Saqué todo lo que había en mi vestidor buscándolo la semana antes de enterrarlo, revisando cada funda de ropa y el baúl vintage del ático. Incluso interrogué al personal de la tintorería local, convencida de que habían extraviado la única prenda que me hacía sentir yo misma.
Para la mañana del servicio, tenía cargas mucho más pesadas que una pieza de seda perdida. Mi padre se había ido y la casa estaba inundada de tarjetas de pésame, susurros apagados y el olor a café quemado que llevaba en la cafetera desde el amanecer.
Los lirios de cala blancos abarrotaban la isla de la cocina, y su pesada fragancia llenaba el aire como una espesa manta de dolor que se negaba a levantarse. Elegí un traje negro sencillo porque el negro era seguro, y no me fiaba de mis manos temblorosas con nada delicado o brillante.

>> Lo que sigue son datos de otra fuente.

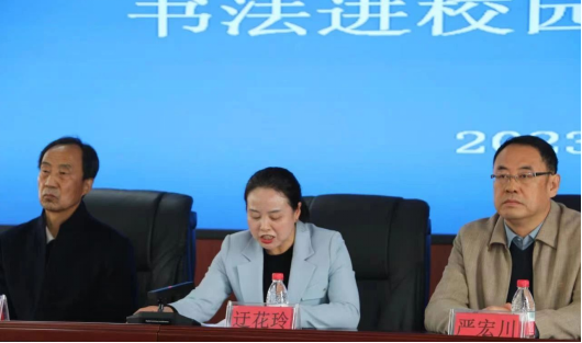 座谈会上,教科体局副局长迂花玲作了精彩致辞。中国书法家协会会员、陕西省书法家协会副秘书长、陕西省青年书法家协会副主席梁林波,中国书法家协会会员、中国人民大学书画院、高研班导师、深圳承明艺术馆馆长、洛川县书法家协会顾问郭盟,兰州大学书法研究所艺委会委员、中国书法家篆刻学院教师贾晓潼分别通过不同形式送来作品;延安市书法家协会副主席、秘书长王凌,中国书法家协会会员、江西省书法家协会篆书委员会主任杜思吾向大会发来贺电。丰园小学负责人就学校书法教育工作亮点作了详细汇报;各位书法大家向丰园小学赠送墨宝并对学校后期发展寄予厚望。
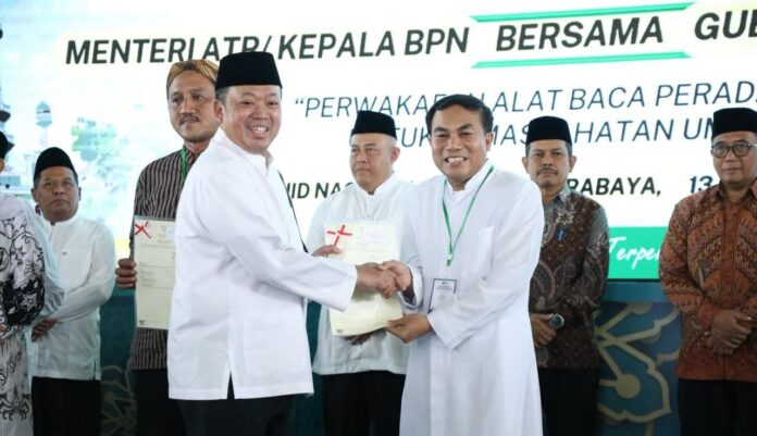 “Ini kado Natal bagi kami. Kami sangat bersyukur. Kami mengucapkan terima kasih yang sebesar-besarnya kepada pemerintah. Kerja sama antara pemerintah pusat khususnya Badan Pertanahan Nasional dan Pemerintah Provinsi Jawa Timur, sangat membantu kami dalam menyelesaikan permasalahan sertipikat secara baik,” ujar RP. Antonius Wahyuliana, CM, di lokasi penyerahan yang bertempat di Masjid Nasional Al-Akbar Surabaya.

La Basílica de San Judas estaba fría y silenciosa cuando entré; un espacio cavernoso lleno de olor a cera de abeja y piedra antigua. El órgano ya tarareaba una melodía baja bajo los sonidos amortiguados de los bancos que crujían y las toses silenciosas.
Los zapatos Oxford lustrados resonaban contra el suelo de mármol mientras la gente buscaba sus asientos; la mayoría hombres con el cuello de la camisa flojo y mujeres secándose los ojos enrojecidos. Mi padre se había labrado una reputación en todo el estado, y parecía que cada persona a la que había ayudado o derrotado había venido a presentar sus respetos.
Me detuve al fondo del santuario solo para recuperar el aliento y calmar mi corazón acelerado. En la parte delantera de la sala, su féretro de caoba descansaba bajo un enorme arreglo de orquídeas blancas e lirios azules.
El obispo Montgomery hablaba en voz baja con el Sr. Sterling, el socio de mi padre y su confidente más cercano durante más de cuarenta años. Mi tía Bridget estaba ocupada dirigiendo el flujo de invitados con la intensidad de una mujer que consideraba el caos como un insulto personal.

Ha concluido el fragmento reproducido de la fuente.